利用图像到点云显著性转移进行注意力引导的激光雷达分割和里程测量

激光雷达测距估计和三维语义分割对自动驾驶至关重要，自动驾驶最近取得了显著进展。然而，由于三维语义分割中不同语义类别的点不平衡，以及激光雷达里程估算中动态物体的影响，这些任务都具有挑战性，这增加了使用代表性/显著性地标作为参考点进行稳健特征学习的重要性。为了应对这些挑战，我们提出了一种显著性引导方法，利用注意力信息来提高激光雷达里程估算和语义分割模型的性能。与图像领域不同，由于缺乏注释训练数据，只有少数研究涉及点云突出信息。为了缓解这一问题，我们首先提出了一个通用框架，将显著性分布知识从彩色图像转移到点云，并以此为点云构建了一个伪显著性数据集（即 FordSaliency）。然后，我们采用基于点云的骨干技术，从伪锯齿标签中学习显著性分布，并在此基础上开发了我们提出的 SalLiDAR 模块。SalLiDAR 是一个以显著性为导向的三维语义分割模型，它整合了显著性信息以提高分割性能。最后，我们介绍了 SalLONet，这是一个自监督式的显著性引导激光雷达测距网络，它利用 SalLiDAR 的语义和显著性预测来实现更好的测距估计。我们在基准数据集上进行的大量实验表明，与现有方法相比，所提出的 SalLiDAR 和 SalLONet 模型达到了最先进的性能，突出了图像到激光雷达突出度知识转移的有效性。源代码可从 https://github.com/nevrez/SalLONet 获取。

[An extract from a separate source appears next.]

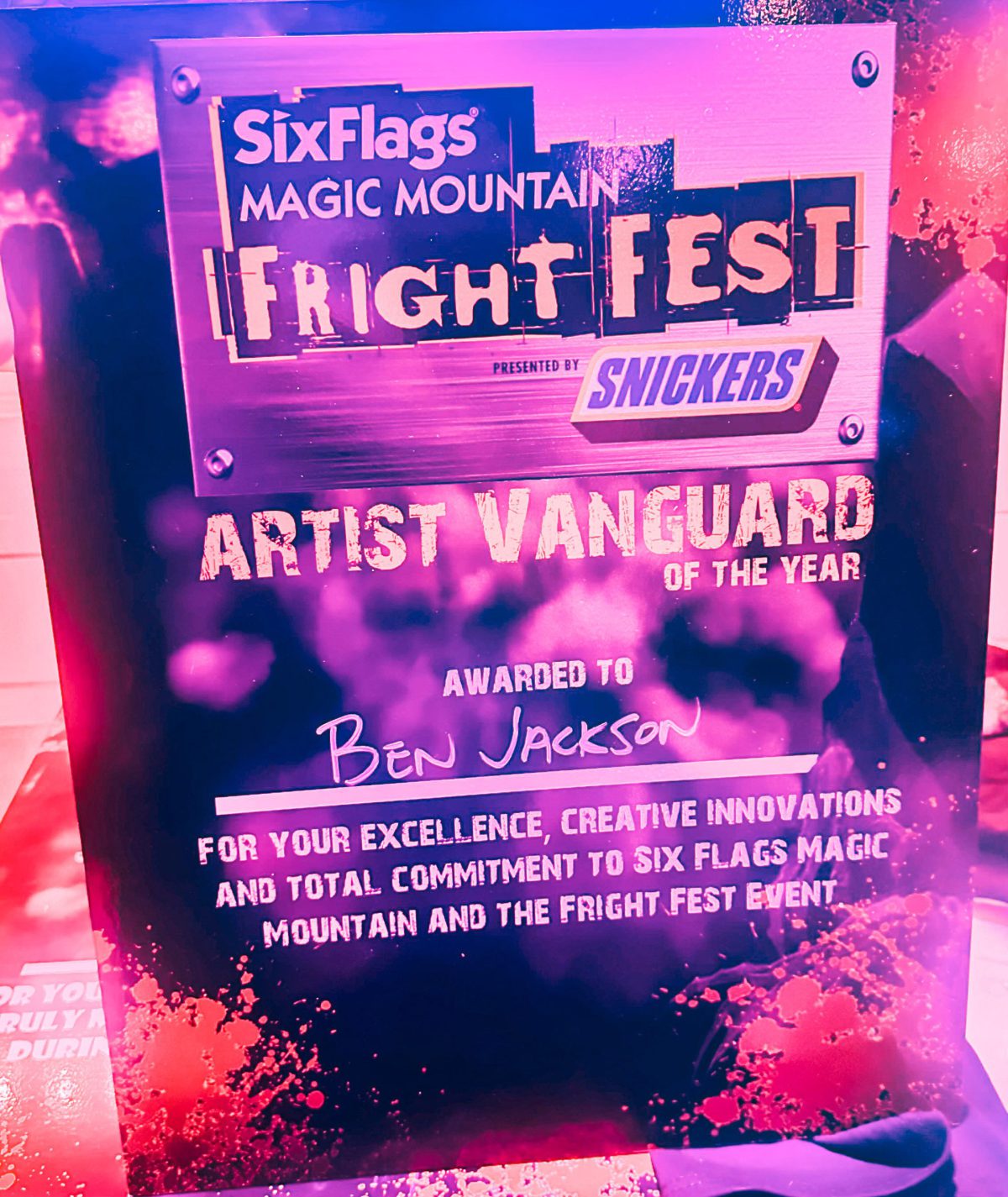 During Six Flags Fright Fest, Ben’s performance earned him the Artist Vanguard Audience Impact Award, celebrating his unique blend of character depth, improvisation, and audience connection. His work resonated strongly with guests and fellow performers, becoming a defining part of the season’s entertainment experience.

本文章由计算机程序翻译，如有差异，请以英文原文为准。

求助全文

约1分钟内获得全文求助全文

来源期刊

Multimedia Systems 工程技术-计算机：理论方法

CiteScore

5.40

自引率

7.70%

发文量

148

审稿时长

4.5 months

期刊介绍： This journal details innovative research ideas, emerging technologies, state-of-the-art methods and tools in all aspects of multimedia computing, communication, storage, and applications. It features theoretical, experimental, and survey articles.